Quantum computing these days is sometimes even used as a synonym for solving intracable problems by combining various unconventional large scale computing methods. Technically, the term refers to computers that exploit the properties of quantum mechanics in order to massively speed up some sort of computations.

Quantum computers and classical analog computers share many properties: They are both non-algorithmic but programmed by composing circuits. They both rely on careful preparation of an initial state before “letting nature” evolve that state into a set of target states which represent the solution of the problem. Both paradigms exploit the 100% full parallelity and (non-digital, unclocked) continuity of a physical system. And they are both not beyond Turing computation and they both compete to solve mankind’s greatest intracable computational problems.

Despite some people argue that a quantum computer is also an analogy computer, technologically the biggest difference between the classical analog computer by anabrid and the prototypical quantum computer is that quantum computers can exploit entanglement, thus having access to a huge, sometimes called “exponential” parameter space. However, there is a whole branch of science about quantum inspired classical computing and it might be in fact that classical annealers can simulate entanglement by coupled nonlinear systems as well as quantum computers could do.

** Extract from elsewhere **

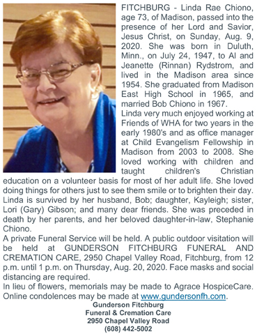 Chiono, Linda Rae (nee Rydstrom) Obit

One of the major drawbacks in quantum computing is its long time until practical use. Depending on the technology, fundamental material research is neccessary before progress can be made. When it comes to operations, many quantum computers require expensive cooling close to absolute zero. These laboratory conditions can probably only be provided in data center labs.

At anabrid, we embrace quantum computing as a technological ingredient in our roadmap. In the mean time, we build machines which can compete with contemporary quantum computers. The biggest undertaking in this direction is the REDAC product which was realized within the German national DLR Quantum Computing Call. This machine will hopefully demonstrate analog supremacy compared to digital systems and be able to simulate 10-20 qubits with perfect fidelity in 2025.